Monsieur Nino était triste de devoir abandonner ses meilleurs amis. Il se sentait lâche, il n'avait plus le courage de regarder ses chevaux. Le premier jour, il les accompagna au travail, comme deux petits enfants qu'on conduit a l'école. Il souffrait de les voir travailler. Il intervenait de temps à autre pour qu'on leur permette de se reposer. Cette situation ne pouvait durer. Il finit par ne plus leur rendre visite. Quelques jours plus tard, l'un des chevaux mourut subitement. Monsieur Fratello était affolé. Comment annoncer cette terrible nouvelle à Nino?

Monsieur Manjoul était un sage parmi les vieux Arabes de la ville; il était respecté, écouté et avait la confiance de toutes les communautés; à l'occasion il ne manquait jamais de rendre service.

Monsieur Fratello alla le consulter.

"Mais c'est très grave ce que vous me dites là, Monsieur Fratello. Je me demande si Nino pourra supporter un tel choc. Laissons de côté tout dédommagement financier, il vous en voudrait davantage. Laissez-moi, j'ai besoin d'être seul pour réfléchir à ce problème." Le lendemain, Monsieur Manjoul pria le juge de paix de lui rendre visite; il le mit au courant et lui demanda de l'aider à solutionner cette épouvantable histoire. Le juge ne voyait pas le rôle qu'il pourrait y jouer et n'éliminait pas la possibilité d'une plaisanterie. Monsieur Manjoul le convainquit du contraire et lui dit:

"Ce que tu auras à faire est très simple. Demain tôt le matin, tu réveilleras Nino et tu lui diras de passer te voir à huit heures. Quand il viendra, tu lui annonceras avec tout le tact nécessaire une mauvaise nouvelle, que tu as rêvé qu'Antoine, son fils, est mort."

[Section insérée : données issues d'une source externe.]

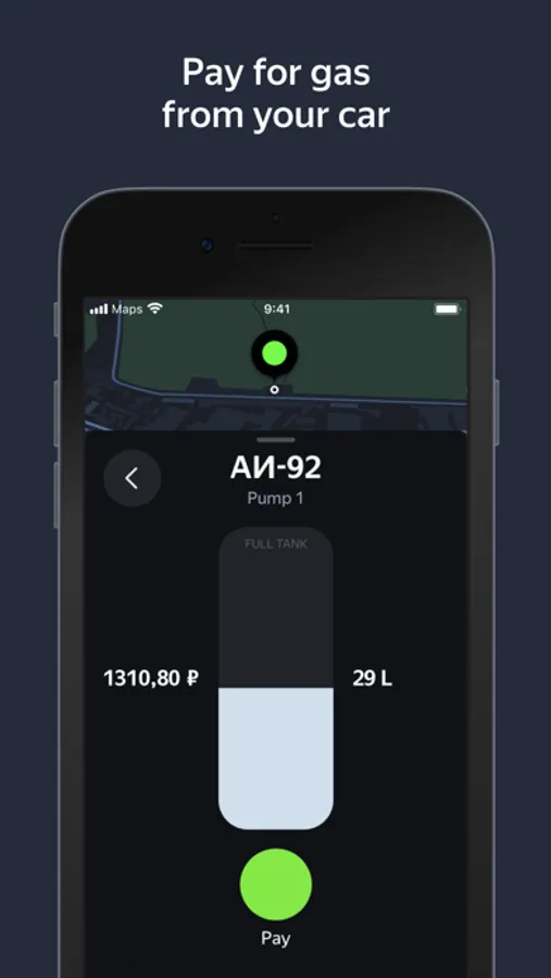 Choose your fuel type, select how much you need, and pay for it without leaving the app. Just tap the fuel tank button, and you'll see all nearby gas stations along with their available payment options.

"Et ensuite?" demanda le juge.

"Le reste me regarde" répliqua Monsieur Manjoul. Le lendemain il fut fait comme il fut dit. Monsieur Nino était bouleversé par cette visite personnelle et si matinale du juge; pour sûr une grande personnalité était décédée et le juge tenait à s'entretenir avec lui des détails de la cérémonie funèbre. Les chevaux n'étaient pas là mais peu importe, il s'en occuperait dans la matinée. Pour l'instant, il imaginait le cortège traversant la ville, lui Nino, juché sur son carrosse, impeccablement habillé, coiffé de son haut-de-forme, provoquant l'admiration de tous les passants. Avertie, Madame Nino quitta son lit et se mit à brosser et repasser la belle tenue noire de son mari qui attendait dans l'armoire une telle occasion. A huit heures précises, Nino se présenta chez Monsieur le juge qui le reçut le visage grave. Croyant deviner les soucis du juge, Nino le rassura:

"Ne vous inquiétez pas, Monsieur le juge, je suis toujours prêt, à tout moment, à remplir les fonctions de ma charge."

"Là n'est pas la question, mon cher Nino, je suis tout ému, bouleversé, je ne sais comment te le dire, j'ai fait un rêve épouvantable, j'ai rêvé qu'Antoine est mort"

"Qui Antoine? Mon fils?"

"Oui mon pauvre Nino, ton fils!"

Effondré, plus mort que vif, Nino s'affala dans un fauteuil. A cet instant, on frappa à la porte, Monsieur Manjoul essoufflé apparut et s'écria:

"Ah! Nino, tu es là, je te cherche partout" Que lui voulait Manjoul? Probablement confirmer la mort d'Antoine.

"Mon pauvre Nino, j'ai une mauvaise nouvelle à t'annoncer", poursuivit Manjoul.

"Ah Mon Dieu, surtout pas Antoine!"

"Mais qui te parle d'Antoine; il s'agit d'un de tes chevaux qui vient de mourir." Comme propulsé du fauteuil, Nino sauta de joie.

"Un de mes chevaux? Et que veux-tu que ça me fasse? Merci Mon Dieu, merci il ne s'agit pas de mon fils!" Le juge continuant à jouer son rôle dit a Nino:

"Eh bien! il y avait quant-à-moi du vrai dans mon rêve, il s'agissait bien de ton cheval et non d'Antoine." Mais Nino était déjà dehors, rentrant chez lui en chantant et en dansant; il ne fut jamais aussi heureux de sa vie.

Une fois de plus, Monsieur Manjoul avait réussi à solutionner un problème grave dans les meilleures conditions.